I've attempted to find any documentation or posts about this but failed to do so.

Below is an example of replacing the built-in dict to instead use a custom class:

from __future__ import annotations
from typing import List, Any
import builtins


class Dict(dict):

    def __init__(self, *args, **kwargs):
        super().__init__(*args, **kwargs)
        self.__dict__ = self

    def subset(self, keys: List[Any]) -> Dict:
        return Dict({key: self[key] for key in keys})


builtins.dict = Dict

When this module is imported, it replaces the dict built-in with the Dict class. However this only works when we directly call dict(). If we attempt to use {} it will fall back to the base dict built-in implementation:

import new_dict

a = dict({'a': 5, 'b': 8})
b = {'a': 5, 'b': 8}

print(type(a))
print(type(b))

Yields:

<class 'py_extensions.new_dict.Dict'>
<class 'dict'>
19
  • 2
    You can't override built-ins from within Python. You will have to modify the actual interpreter implementation (such as CPython). Commented Mar 28, 2022 at 4:02
  • 2
    @JackAvante True, you can shadow built-in names. I should have been more specific. Commented Mar 28, 2022 at 4:06
  • 1
    @SeanXie Edited my code to show what I'm doing as well Commented Mar 28, 2022 at 4:10
  • 1
    One possibility is to do this via transpiling. Then, when you "import" a .py_better file, it transpiles it into python and imports that. Commented Mar 28, 2022 at 4:31
  • 1
    Very related: stackoverflow.com/q/19083160/476 Commented Mar 31, 2022 at 12:33

2 Answers 2

3
+25

[] and {} are compiled to specific opcodes that specifically return a list or a dict, respectively. On the other hand list() and dict() compile to bytecodes that search global variables for list and dict and then call them as functions:

import dis

dis.dis(lambda:[])
dis.dis(lambda:{})
dis.dis(lambda:list())
dis.dis(lambda:dict())

returns (with some additional newlines for clarity):

  3           0 BUILD_LIST               0
              2 RETURN_VALUE

  5           0 BUILD_MAP                0
              2 RETURN_VALUE

  7           0 LOAD_GLOBAL              0 (list)
              2 CALL_FUNCTION            0
              4 RETURN_VALUE

  9           0 LOAD_GLOBAL              0 (dict)
              2 CALL_FUNCTION            0
              4 RETURN_VALUE

Thus you can overwrite what dict() returns simply by overwriting the global dict, but you can't overwrite what {} returns.

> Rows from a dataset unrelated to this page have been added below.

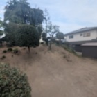 一盛長者伝説地の碑から続く砂利道がお城の入口です。最近の城あるあるで、城跡の広範囲に太陽光パネルが設置されていました。砂利道を進むと、西側の太陽光パネルが敷かれたエリアに土塁があるのが見えます。パネル越しだからなのか、かなり高さのある土塁のように感じられました。砂利道の奥まで進んで行くと主郭跡に至ります。現在は民家になっていて主郭跡の内部には入れませんが、民家の手前には、みごとな空堀と土塁が残されていました。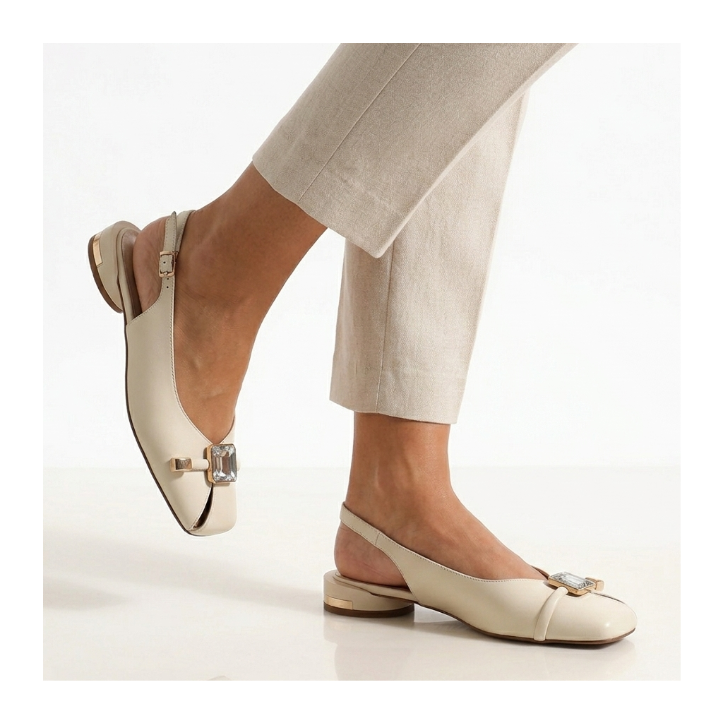 Ez a kifinomult, halvány krémszínű szandál tökéletesen ötvözi a modern dizájnt és az egész napos kényelmet. A meghatározó elem a feltűnő kristálydíszítés és az egyedi szögletes orr, amelyek luxusérzetet kölcsönöznek a cipőnek.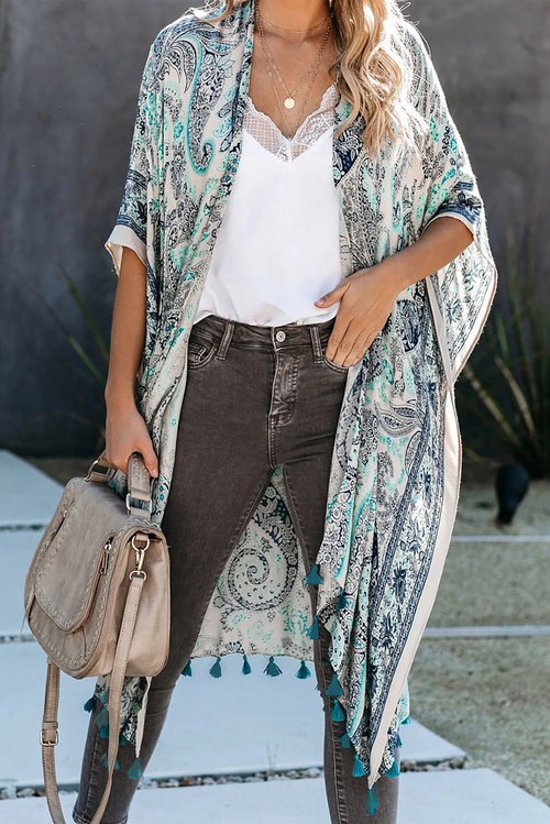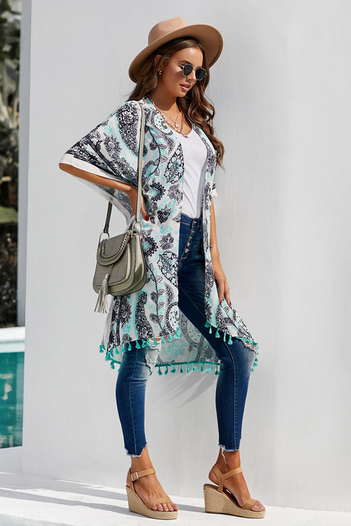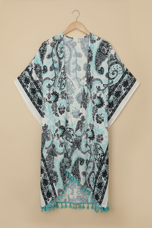 •3/4 kimono sleeve, open style and straight hemline with side slits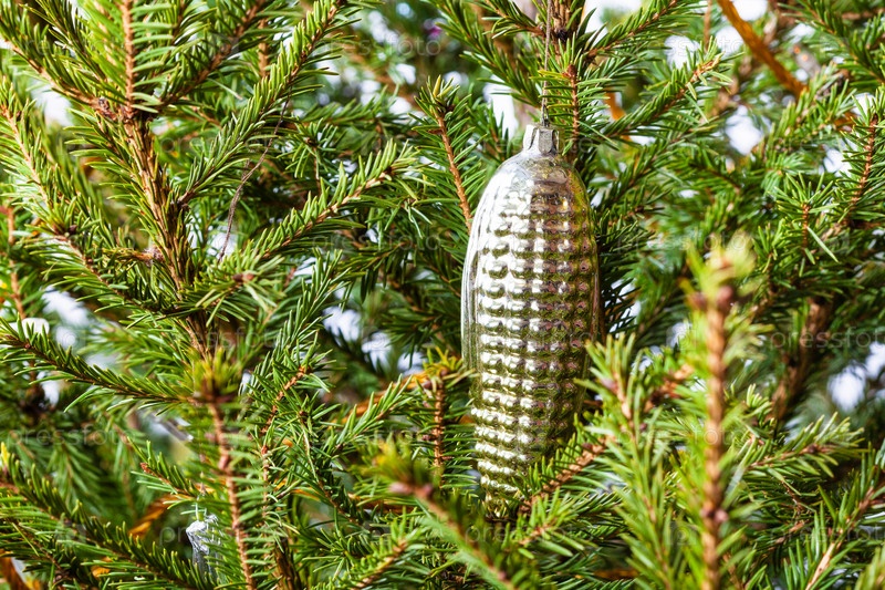 Стеклянный конус на натуральной елке крупным планом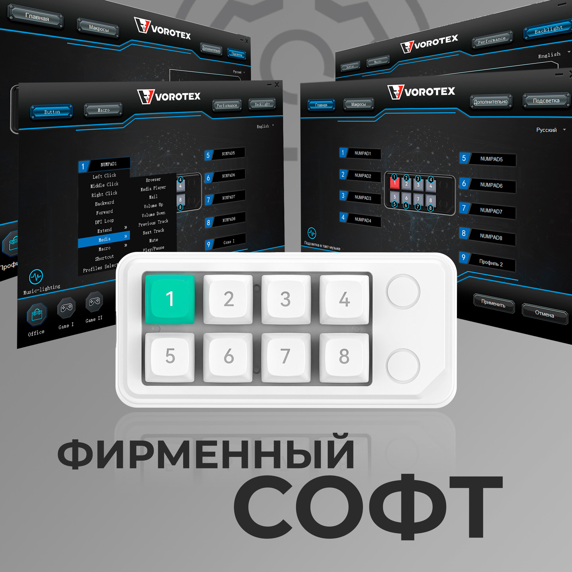 Механическая макро клавиатура VOROTEX K08 Purple Switch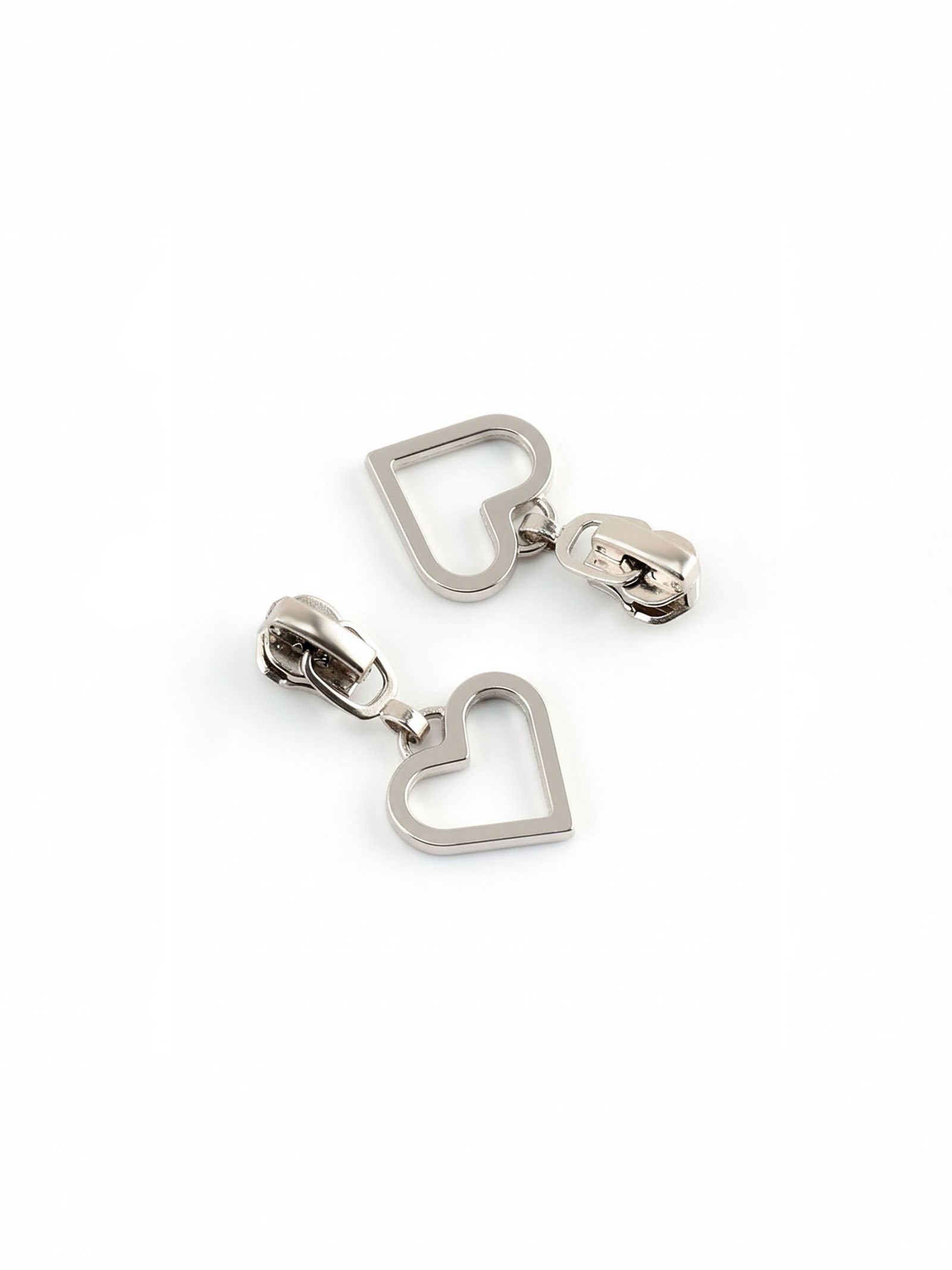 Бегунок для металлической молнии, №3, "Сердце", 10 шт., цвет никель, 6x7x1 см., Арт Узор, Китай

These opcodes are documented here. If the BUILD_MAP opcode runs, you get a dict, no way around it. As an example, here is the implementation of BUILD_MAP in CPython, which calls the function _PyDict_FromItems. It doesn't look at any kind of user-defined classes, it specifically makes a C struct that represents a python dict.

It is possible in at least some cases to manipulate the python bytecode at runtime. If you really wanted to make {} return a custom class, I suppose you could write some code to search for the BUILD_MAP opcode and replace it with the appropriate opcodes. Though those opcodes aren't the same size, so there's probably quite a few additional changes you'd have to make.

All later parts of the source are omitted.